ID,Waist,Hip,Gender,W2H Ratio,Shape
1,30,32,M,0.9375,Apple
2,32,37,M,0.8648648648648649,Pear
3,30,36,M,0.8333333333333334,Pear
4,33,39,M,0.8461538461538461,Pear
5,29,33,M,0.8787878787878788,Pear
6,32,38,M,0.8421052631578947,Pear
7,33,42,M,0.7857142857142857,Pear
8,30,40,M,0.75,Pear
9,30,37,M,0.8108108108108109,Pear
10,32,39,M,0.8205128205128205,Pear


# Discussion Questions

* How long did it take you to figure out how to do a bullet list in Markdown? What other formatting tricks did you try?

    Not to long as I heard you say that we have to double click markdown to show the first assigment instructions. 
    I found a great formatting website: [1]: https://en.support.wordpress.com/markdown-quick-reference/ 
    I tried: making text italic, bold, make a header, table, insert image, reference source, formulas,...

* Was there any code that you thought was particularly elegant? How about cryptic or buggy?
    
    This was genius: raw_rows = [r.rstrip('\n').split(',') for r in raw_lines]. 
    My only question is the reason to use [] brackets. My guess is to contain the for loop within those commands.
    
    Moreover, while I could explain this code I do not understand how exactly it works. 
    html_table += "</td><td>".join(str(col) for col in row) 
    html_table += "</td></tr>"
    html_table += "</table>"
    
    Also if you run the table output 2 times it keeps adding column shape and ratio with its values.
    I am not sure why but I am suspecting the last formula.

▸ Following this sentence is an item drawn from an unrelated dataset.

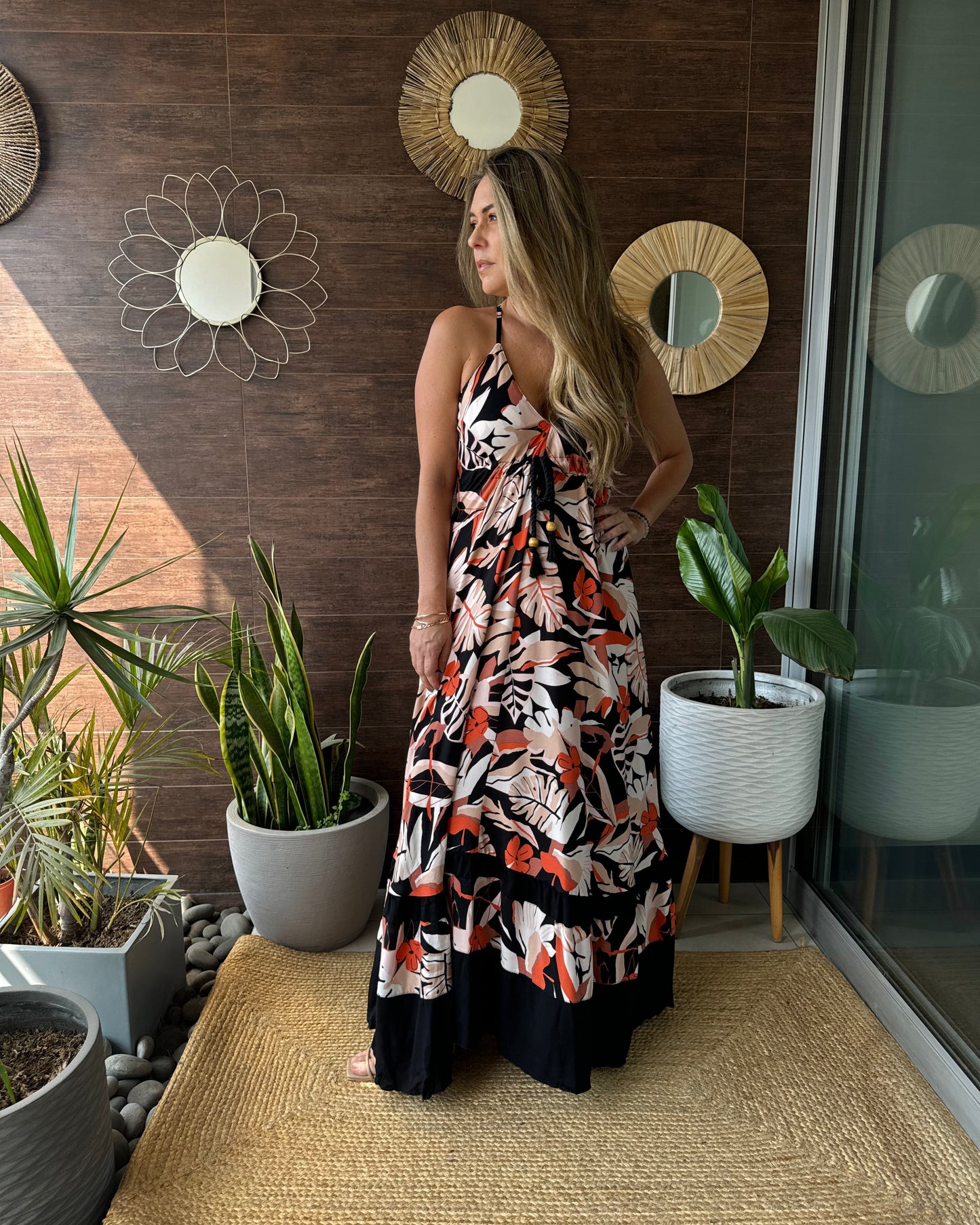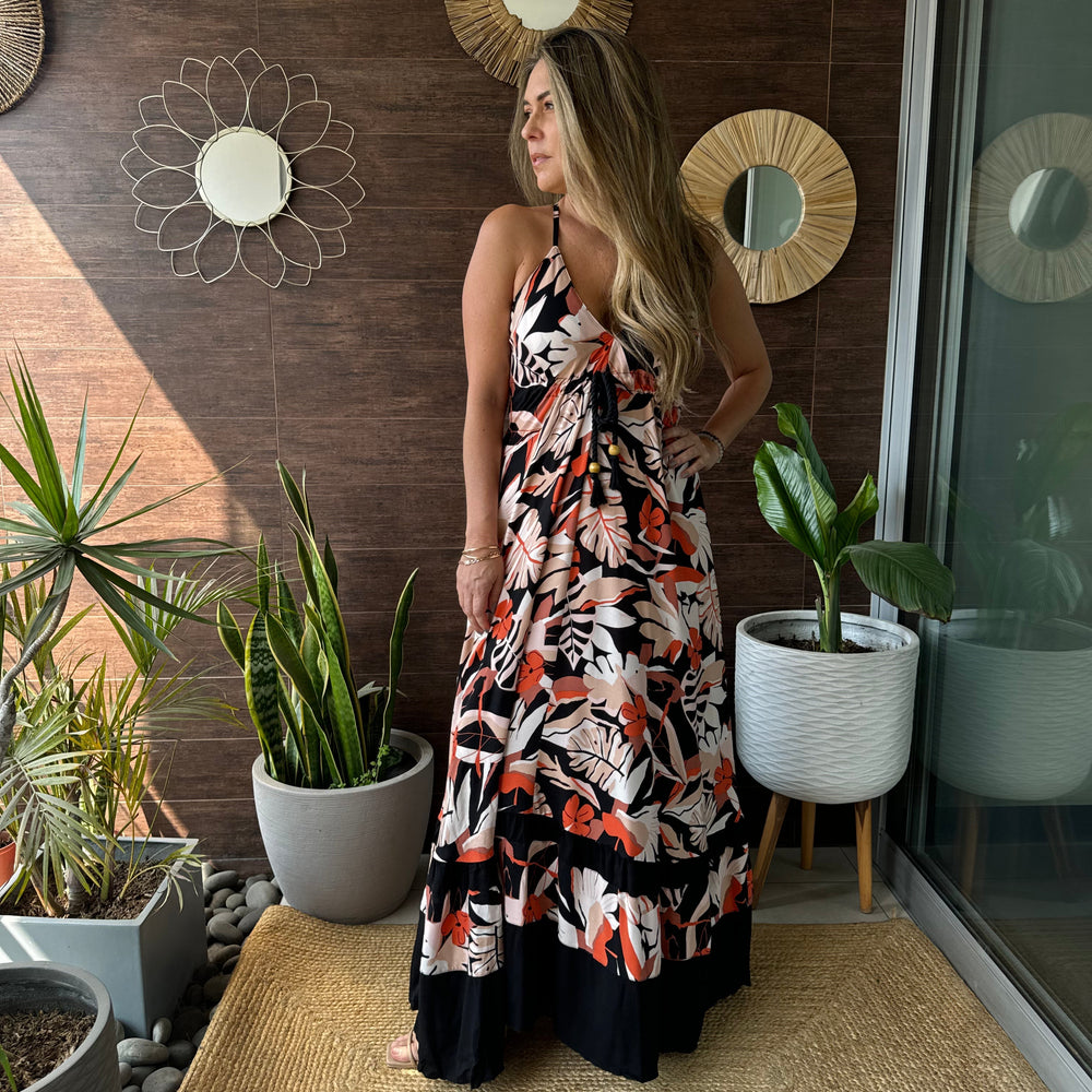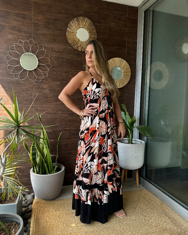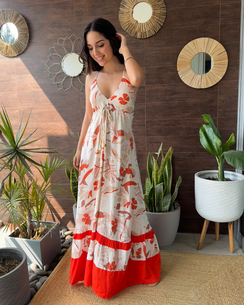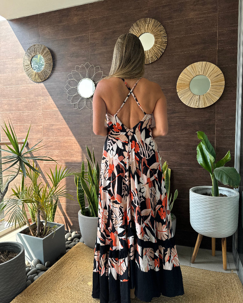 Vestido de Chalis con combinación de dos telas. Tiras regulables, amarre debajo del busto

* What does the code `raw_lines = list(f)` in the first code cell do exactly? Where can we learn more about loading files? 
 Why do we bother closing the file at the end of the cell?
        
        It loads the file into a list of strings, one string per line. --> List(single argument) which 
        creates a list. Iterable condition is optional (to change over object e.g. float)
        We can learn in DataCamp. There is a course about importing data that I am taking. 
        We close it becasue it's good practice and if you are opening it more than once. 
        It would be better to use np.loadtext(), np.genfromtxt(), np.recsfromcsv(), or with open (here you don't 
        need to close file)
        
        
  * In the second code cell, why do we try to clean up the data all at once? Why not just deal with it as raw strings?
      
      Because that is how we want the data to look like. Otherwise, it wouldn't be presentable and ready for calculations
      or addition to column names. 
      
  * What is going on in the line below, also from the second code cell?  
  ```raw_rows = [r.rstrip('\n').split(',') for r in raw_lines]```
    
    .rstrip method: ("removes end of the line characters - to the right of the list"). In this case is /n.
    .split method: ("every time you see a delimiter that seperates the SET of values --> split them up to SUBLISTS"). 
    Now the sublists are sperated with [column names],[ID,weight,height,M],[...]. 
    for r in raw_lines is a loop. It loops the previous commands for every element (sublist) in raw_lines list.
    Then we store this in a new variable called raw_rows. 
    We use [] brackets to embed all. Making sure this only applies to this line and the loop only captures previous             commands.
    
  * What does this do?  
  ```for raw_row in raw_rows[1:]:```
      
      For every element in raw_rows list: do the following bellow BUT start with the 2nd element. In this case exclude
      column names.
      
  * In the third code cell, a list is extended by another list. What does that mean and how is that different from appending list items to the list? How could we do the same thing using `append()`?
      
      The row here is a variable from for the loop. The short-hand means, a += b is for a = a + b.
      Meaning: each row element (start with 2nd one)= row element(2nd...) + calculations for w2h ratio and shape.
      That gives us: [column names e.g. ratio, shape] [1, 30,32,M,ratio calc, Apple/pear]...
      
      It's different from append becasue it assigns the for loop variable and doesn't need specifications on where to
      append. 
      With append we would do: row[0].append("w2h_ratio", "shape")
      
  * When might the calculation
  ```w2h_ratio = row[1]/row[2]``` give inaccurate results?
      
      If we didn't create sublists and exclude the first row[0].